** Opening Data to process block **

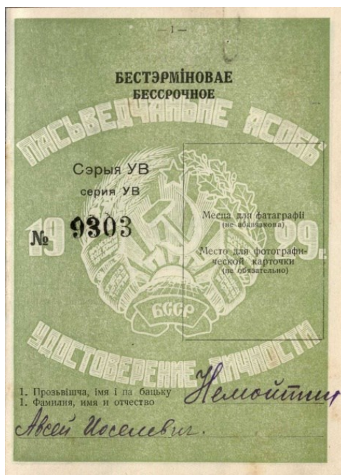
Малюнак 2. – Пасведчанне асобы Аўсея Ёселевіча Нямойціна – рабіна г. Віцебска, 1929 г. [21, арк. 14 адв.]

Вывучаемы перыяд з’яўляўся дастаткова нестабільным у палітычных адносінах, што ў сваю чаргу пацягнула за сабой і сацыяльныя трансфармацыі. Рэлігійныя дзеячы вымушаны былі адчуць на сабе змену сацыяльнага статусу. Выпадкі адмовы рабінаў і рэзнікаў ад культывавай дзейнасці асабліва пачасціліся з канца 1920-х гг. Некаторыя з іх уладкоўваліся на некваліфікаваную працу, але пры гэтым змена сацыяльнага стану не заўсёды азначала адмову ад прыхільнасці да іўдаізму: былыя рэлігійныя служыцелі працягвалі займаць актыўную грамадскую пазіцыю [41, арк. 29].
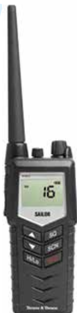
Eksempel på en bærbar VHF
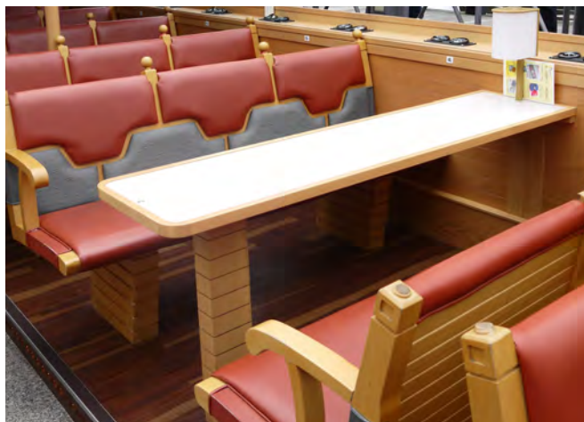
▶ 屋根付きの観光船でゆったりとお楽しみ頂けます。
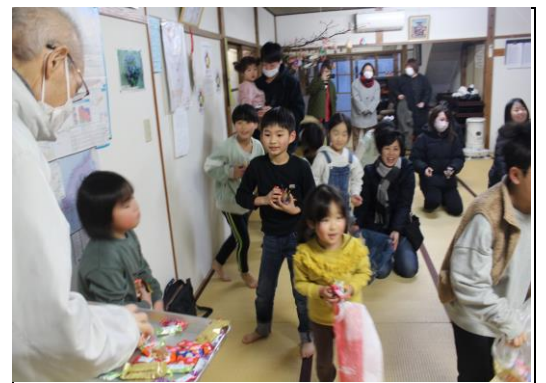
毎年盛り上がります
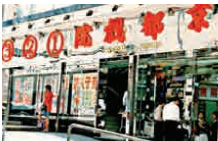
▲灣仔京都戲院於1969年2月15日開幕，已改建為教會
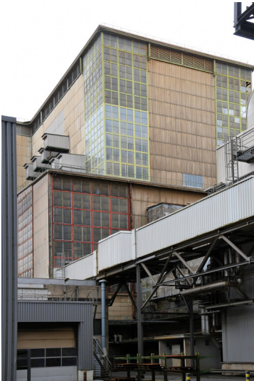
Kraftwerk Frimmersdorf II: Kesselhaus Block O, Ansicht von Nordwesten; Foto: 22.03.2023
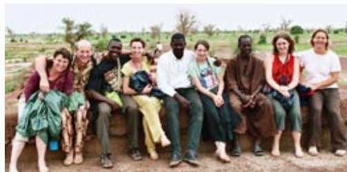
A Sofara - Circuit Fleuves et Brousse - Aout 2006
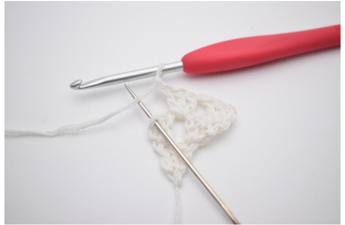
6. Lav 1 lm. Nu hækles der i sidste m som nålen her markerer
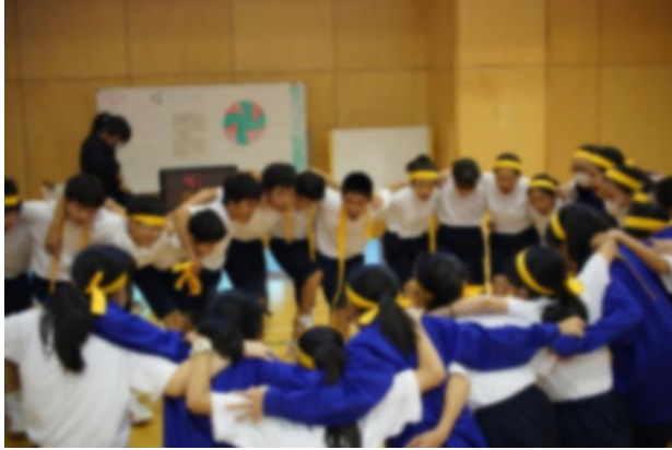
クラス全員での円陣！！
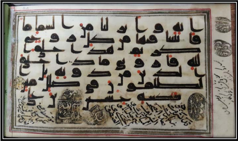
Bild Nr. 2: Koran mit der Nummer 1046 der Bibliothek des Golestan-Palastes mit der zugeordneten Signatur von Imām Ḥussains (Friede sei auf ihn).
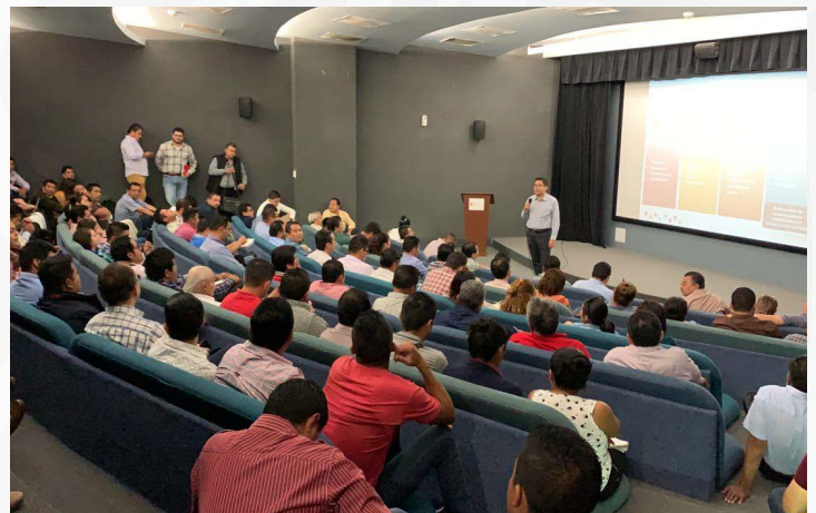
* Capacitación a personas servidoras públicas municipales del estado de Chiapas.

9. Brindamos capacitación a personas servidoras públicas municipales de 95 de los 125 municipios del estado de Chiapas sobre la Guía Consultiva de Desempeño Municipal.
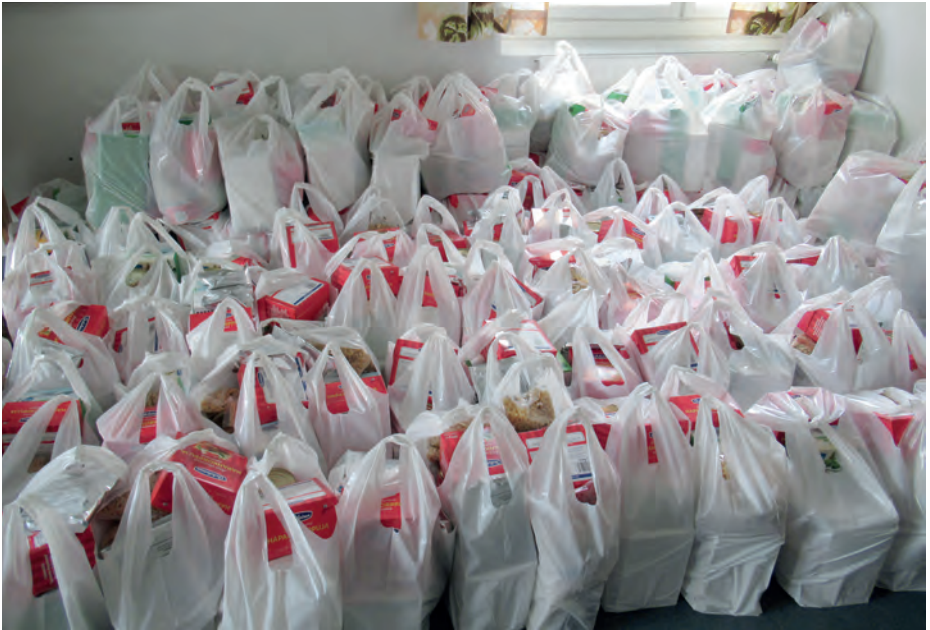
Valmiiksi pakattuja EU-ruoka-apukasseja Apelin avoimissa ovissa.

** Closing Data to process block **

> **Work instructions**:
What are the lines from the one containing "Bild Nr. 2: Koran" through the end of the records? Write them out exactly, leaving out the pictures.

> **Solution to this exercise**:
Bild Nr. 2: Koran mit der Nummer 1046 der Bibliothek des Golestan-Palastes mit der zugeordneten Signatur von Imām Ḥussains (Friede sei auf ihn).
* Capacitación a personas servidoras públicas municipales del estado de Chiapas.

9. Brindamos capacitación a personas servidoras públicas municipales de 95 de los 125 municipios del estado de Chiapas sobre la Guía Consultiva de Desempeño Municipal.
Valmiiksi pakattuja EU-ruoka-apukasseja Apelin avoimissa ovissa.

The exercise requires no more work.